### Toric Varieties: An Introduction

This is a blog post on toric varieties. We will be broadly following Christopher Eur’s Senior Thesis for the exposition.

A toric variety is an irreducible variety with a torus as an open dense subset. What does a dense subset of a variety look like? For instance, in $\Bbb{R}$ consider the set of integers. Or any infinite set of points for that matter. The closure of that set, under the Zariski Topology, is clearly the whole real line. Hence, a dense set under the Zariski topology looks nothing like a dense set under the standard topology.

An affine algebraic group $V$ is a variety with a group structure. The group operation is given by $\phi:V\times V\to V$, which is interpreted as a morphism of varieties (remember that the cartesian product of two varieties is a variety). The set of algebraic maps of two algebraic groups $V,W$, denoted as $\text{Hom}(V,W)$ is the set of group homomorphisms between $V$ and $W$ which are also morphisms between varieties. Are there variety morphisms which are not group homomorphisms? Yes. Consider the morphism $f:\Bbb{R}\to \Bbb{R}$ defined as $x\to x+1$.

The most important example for us is $(\Bbb{C}^*)^n\simeq \Bbb{C}^n-V(x_1x_2\dots x_n)$. This is the same as removing all the hyperplanes $x_i=0$ from $\Bbb{C}^n$. Again, this is the same as $V(1-x_1x_2\dots x_n y)\subset \Bbb{C}^{n+1}$, which is the same as embedding a variety in a higher dimensional space. The coordinate ring of $(\Bbb{C}^*)^n$ looks like $\Bbb{C}[x_1^{\pm},x_2^{\pm},\dots,x_n^{\pm}]\simeq \Bbb{C}[\Bbb{Z}^n]$. Why does the coordinate ring look like this? This is because in the ring $\Bbb{C}[x_1,x_2,\dots,x_n,y]/(1-x_1x_2\dots x_ny)$, all the $x_i's$ become invertible (in general, all of the $n+1$ variables become invertible. However, $y$ can be expressed in terms of the $x_i$‘s).
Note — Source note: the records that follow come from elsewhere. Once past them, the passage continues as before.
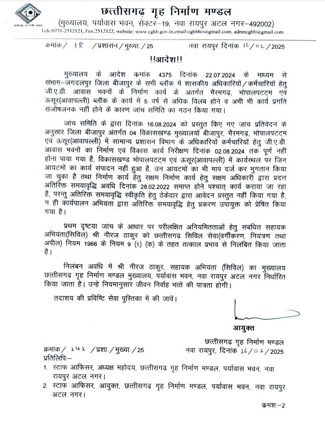 इसके बाद छत्तीसगढ़ गृह निर्माण मंडल के आयुक्त कुंदन कुमार ने पारदर्शिता और सुशासन को सुनिश्चित करने के लिए तत्काल प्रभाव से निलंबन आदेश जारी किया, ताकि राज्य के नागरिकों को गुणवत्तापूर्ण और समय पर सरकारी आवास मिल सके.
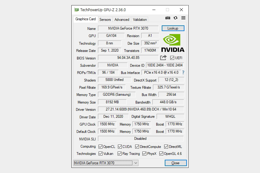 이엠텍 RTX 3070 블랙 에디션은 5888개의 CUDA 코어를 가지고 있고 베이스 클럭은 1500MHz 부스트 클럭은 1770MHz입니다. 그리고 레이 트레이싱과 같은 다양한 기술을 지원합니다.
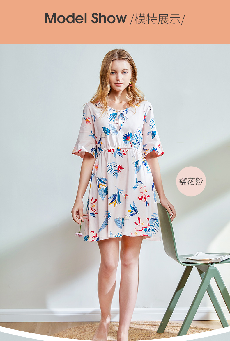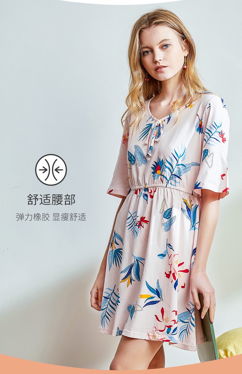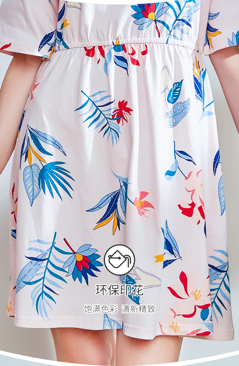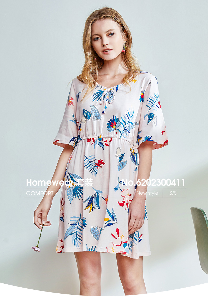 I'd爱帝女士纯棉睡裙植物花卉棉绸手感家居裙
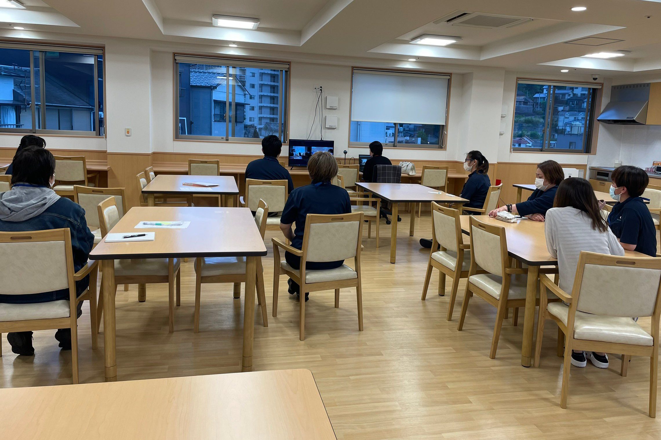 アルファリビング長崎諏訪の杜では、毎月月末に全体会議と研修会を行っていますが、今回はアルファリビング長崎大浦と合同の研修会を開催しました。

A torus is an affine variety isomorphic to $(\Bbb{C^*})^n$ for some $n$, whose group structure is inherited from that of $(\Bbb{C^*})^n$ through a group isomorphism.

Example: Let $V(x^2-y)\subset \Bbb{C}^2$, and consider $V_{xy}=V\cap (\Bbb{C}^*)^n$. We will now establish an isomorphism between $\Bbb{C}^*$ and $V_{xy}$. Consider the map $t\to (t,t^2)$ from $\Bbb{C}^*$ to $V_{xy}$. This map is bijective. How? If $t$ is non-zero, then so is each coordinate of $(t,t^2)$. Also, each point in $X_{xy}$ looks like $(t,t^2)$, where $t$ is a non-zero number, and each such point has been mapped to by $t\in\Bbb{C}^*$. Hence, we have a bijection. How does $V_{xy}$ inherit the group structure of $\Bbb{C}^*$? By the following relation: $(a,a^2).(b,b^2)=(ab,(ab)^2)$. Remember that $V_{xy}$ had no natural group structure before. Now it has one.

A map $\phi:(\Bbb{C}^*)^n\to (\Bbb{C}^*)^m$ is algebraic if and only if the map $\phi^*: \Bbb{C}[y_1^{\pm},y_2^{\pm},\dots,y_m^{\pm}]\to \Bbb{C}[x_1^{\pm},x_2^{\pm},\dots,x_n^{\pm}]$ is given by $y_i\to x^{\alpha_i}$ for $\alpha_i\in \Bbb{Z}^n$. In other words, the maps correspond bijectively to lattice maps $\Bbb{Z}^m\to \Bbb{Z}^n$. What does this mean? The condition that the variety morphism also be a group homomorphism was surely expected to place certain restrictions on the the nature of the nature of the morphism. The way that this condition places restrictions is that a unit can only map to a unit. And the only units in $\Bbb{C}[x_1^{\pm},x_2^{\pm},\dots,x_n^{\pm}]$ are monomials times a constant. Why’s that? Why isn’t an expression of the form $x_1+x_2$, for instance, a unit? Because $\Bbb{C}[x_1^{\pm},x_2^{\pm},\dots,x_n^{\pm}]$ is not a field! It is just a polynomial ring in which the variables happen to be invertible. Polynomials in those variables need not be! This is not the same as the rational field corresponding to the polynomial ring $\Bbb{C}[x_1,x_2,\dots,x_n]$. Returning to the proof, the constant is found to be $1$, and one side of the theorem is proved. The converse is trivial.

A character of a Torus $T$ is an element $\chi\in\text{Hom}(T,\Bbb{C}^*)$. An analogy that immediately comes to mind is that of a functional on an $n$-dimensional vector space. Characters are important in studying toric varieties.